Nonetheless, the above equation is complicated by the fact that the immune system has an additional, frequently neglected function; it has to eliminate mutated, potentially tumorigenic cells, a process that is called ‘immunosurveillance’. Two major barriers usually avoid the malignant transformation of cells in the human body. First, activation of oncogenes (‘oncogenic stress’) often stimulates a DNA damage response that finally culminates in PCD (either through direct apoptosis or after senescence) and hence elimination of the mutated cells. Second, the immune system recognizes transformed cells, based on the tumor-specific expression of abnormal (mutated or ectopic) molecules, as well as on the abnormal behavior of (pre-)neoplastic cells that respond to oncogenic stress. This implies that, in addition to PAMPs, the so-called ‘danger-associated molecular patterns’ (DAMPs) can trigger the immune response. Efficient recognition of cell death associated with DAMPs is hence important for immunosurveillance.

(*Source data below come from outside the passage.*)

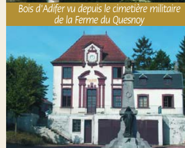
Mairie de Bucquoy et Monument aux Morts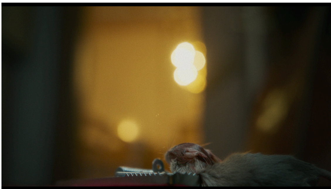
KUVA 4: Rotta kuolleen loukussa kirkossa (Saarna 2023, 00:07:03)

Saarnassa (2023) pappi, Hannes, ja suntio keskustelevat rotasta, jota suntio yrittää pyydystää, mutta Hannes yrittää suojella. Rotta on samalla vertauskuva Ollista. Hannes löytää rotan ja antaa tälle juustoa, mutta ei lopulta pysty pelastamaan rotan joutumista suntion pyydykseen. Lyhytelokuvassa nähdään leikkausta nykypäivän ja takauman välillä, kun Hannes löytää Ollin kuolleen vessasta ja rotan kuolleen loukusta (kuvat 4–5).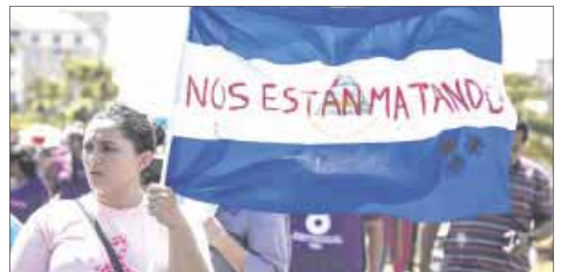
American Airlines canceló ayer lunes sus vuelos a Nicaragua por ‘disturbios civiles’.

Las protestas contra Ortega y su esposa, la vicepresidenta Rosario Murillo, comenzaron el 18 de abril pasado por unas fallidas reformas a la seguridad social y se convirtieron en una exigencia de renuncia, después de once años en el poder, con acusaciones de abuso y corrupción.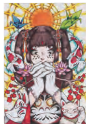
1.願いを掛けたのに [A] 2.仲宗根 美波 [3年生] 3.豊中市立第五中学校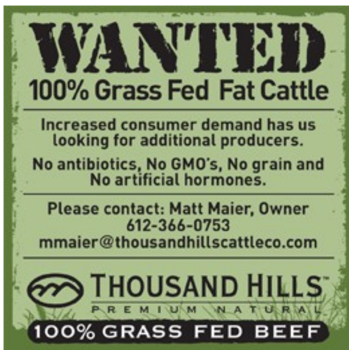
Slika 5. Oglas za govedinu proizvedenu na ispaši.

35% višu cijenu za mlijeko i meso s ispaše u odnosu na iste proizvode stajski držanih i TMR-om hranjenih životinja.

Recently, it has been discovered that chemotherapy-induced cell death can also, at least in some cases, elicit an immune response against dying tumor cells.1, 2, 3 This immune response is actually required for an optimal therapeutic effect of anticancer chemotherapy. At least in some malignancies, patients that bear major immune defects (including in receptors recognizing specific DAMPs) have a particularly negative prognosis.

Thus, immune response elicited by tumor cells that spontaneously undergo apoptosis can abort incipient tumors during immunosurveillance. In addition, immune responses can be triggered by treatment-induced tumor cell deaths, thereby contributing to the therapeutic efficacy of chemotherapy or radiotherapy.

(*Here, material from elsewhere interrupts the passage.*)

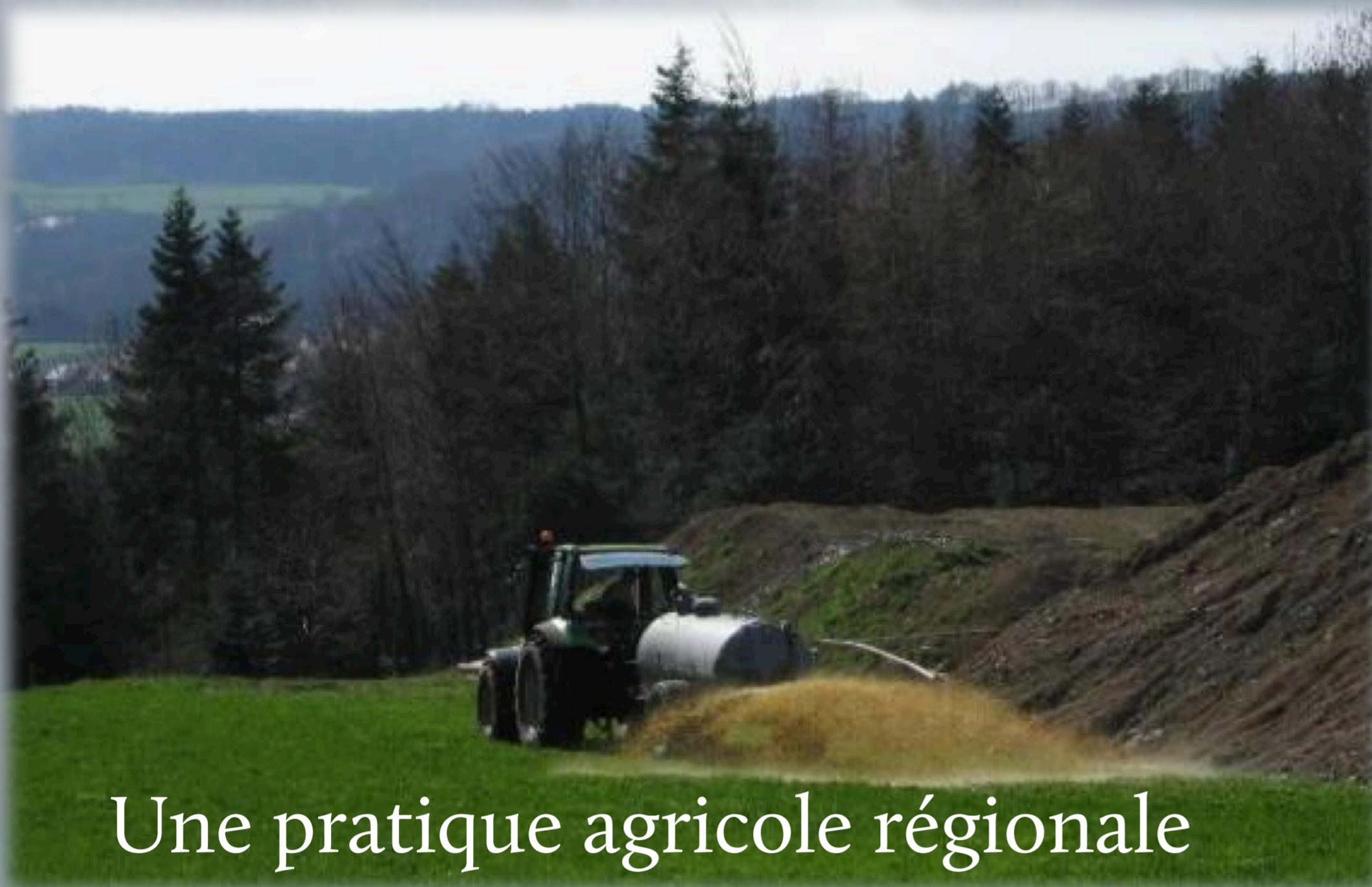
Une pratique agricole régionale

Une étude locale avec les algues vertes de la baie de Saint-Brieuc, et une étude plus globale réalisée par l'expédition TARA

The present series of reviews attempt to decipher the intricate interplay between tumor cell death (as it occurs spontaneously in response to chemotherapy or in response to immune effectors), the first-line response of phagocytic cells (in particular, macrophages and dendritic cells) to dying tumor cells, as well as the second-line response of lymphocytes that are instructed to mount a productive or abortive immune response. In this combinatorial game, PCD may affect the tumor cell, the phagocytic cells as well as the tumor-specific T lymphocyte, in a lethal waltz that ultimately determines the fate of the tumor-bearing host. This is the topic of this compendium of reviews in which the following specific questions will be addressed:

  • What are the DAMPs that tumor cells expose or secrete in response to oncogenic or chemotherapeutic stress and death?1

  • Which is the spatiotemporary code of DAMP exhibition/secretion that renders tumor cell death immunogenic?1, 2, 3

  • What are the chemotherapeutic agents that provoke immunogenic cancer cell death and through which mechanisms do they operate?1, 2

  • How do macrophages and dendritic cells recognize and engulf cells that succumb to apoptosis or necrosis?4

  • What are the specific requirements of tumor cell death and DAMPs to allow dendritic cells to present tumor antigens to T-cells and to elicit an anti-tumor immune response?5

  • What are the specific characteristics of killer dendritic cells, a fascinating population of cells that may actively kill tumor cells, phagocytose them, and finally present tumor antigens to T-cells?6, 7

  • What is the impact of T-cell death on the regulation of the system? Do cancers induce T-cell death to avoid immunosurveillance? Through which strategies can T-cell death be suppressed to improve the anti-tumor immune response?8

  • Do tumor-derived products such as exosomes subvert the anti-tumor immune response? Is it possible to improve anti-cancer therapies by neutralizing the tumor-dependent immunosuppression?9

We are confident that the interested reader will find (partial) answers to these important questions in the accompanying special issue of Cell Death & Differentiation. More importantly, we anticipate that the full comprehension of this topic – and its translation into human medicine – will eventually improve the clinical management of cancer.